RECORDS TO PROCESS below:

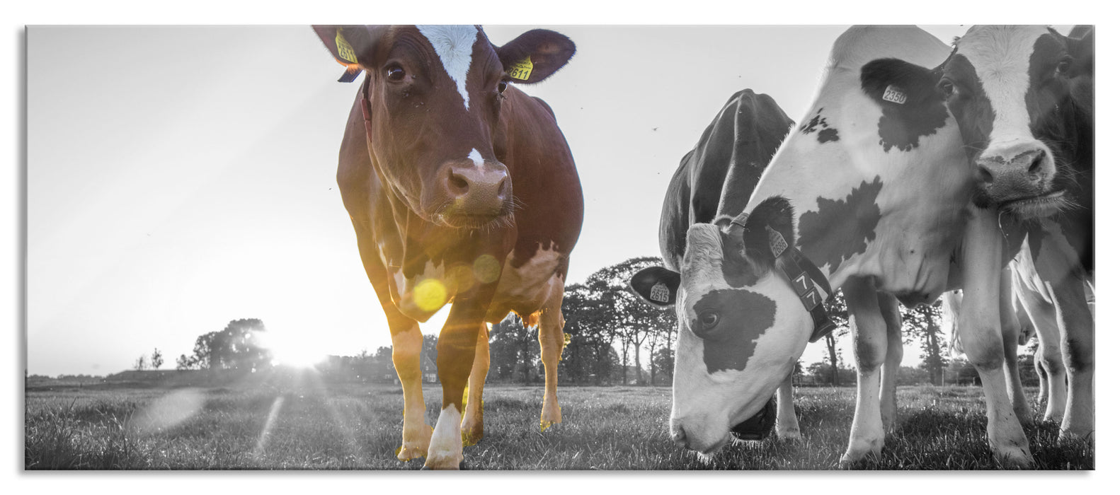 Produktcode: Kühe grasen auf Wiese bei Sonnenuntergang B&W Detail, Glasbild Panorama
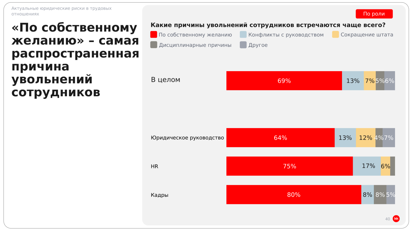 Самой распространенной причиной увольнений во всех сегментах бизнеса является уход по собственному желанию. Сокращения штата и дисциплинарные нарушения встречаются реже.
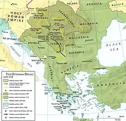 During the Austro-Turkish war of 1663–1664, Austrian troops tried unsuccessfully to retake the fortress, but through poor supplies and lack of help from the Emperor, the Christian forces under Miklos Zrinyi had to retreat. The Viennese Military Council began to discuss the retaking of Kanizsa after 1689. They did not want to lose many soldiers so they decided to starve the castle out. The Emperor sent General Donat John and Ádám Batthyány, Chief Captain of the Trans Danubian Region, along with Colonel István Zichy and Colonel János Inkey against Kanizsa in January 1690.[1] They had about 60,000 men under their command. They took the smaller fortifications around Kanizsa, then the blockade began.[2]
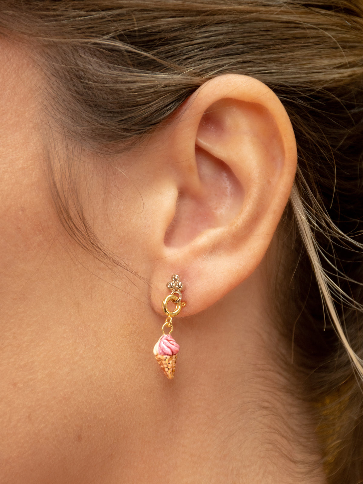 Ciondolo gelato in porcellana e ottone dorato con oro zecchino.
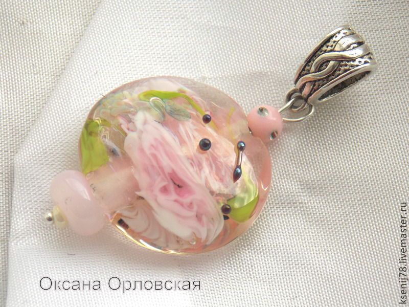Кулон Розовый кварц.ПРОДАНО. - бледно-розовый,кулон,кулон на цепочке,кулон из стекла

End of RECORDS TO PROCESS.

All of the records must come back exactly as they stand, minus every picture.

**ANSWER SECTION**
 Produktcode: Kühe grasen auf Wiese bei Sonnenuntergang B&W Detail, Glasbild Panorama
 Самой распространенной причиной увольнений во всех сегментах бизнеса является уход по собственному желанию. Сокращения штата и дисциплинарные нарушения встречаются реже.
 During the Austro-Turkish war of 1663–1664, Austrian troops tried unsuccessfully to retake the fortress, but through poor supplies and lack of help from the Emperor, the Christian forces under Miklos Zrinyi had to retreat. The Viennese Military Council began to discuss the retaking of Kanizsa after 1689. They did not want to lose many soldiers so they decided to starve the castle out. The Emperor sent General Donat John and Ádám Batthyány, Chief Captain of the Trans Danubian Region, along with Colonel István Zichy and Colonel János Inkey against Kanizsa in January 1690.[1] They had about 60,000 men under their command. They took the smaller fortifications around Kanizsa, then the blockade began.[2]
 Ciondolo gelato in porcellana e ottone dorato con oro zecchino.
Кулон Розовый кварц.ПРОДАНО. - бледно-розовый,кулон,кулон на цепочке,кулон из стекла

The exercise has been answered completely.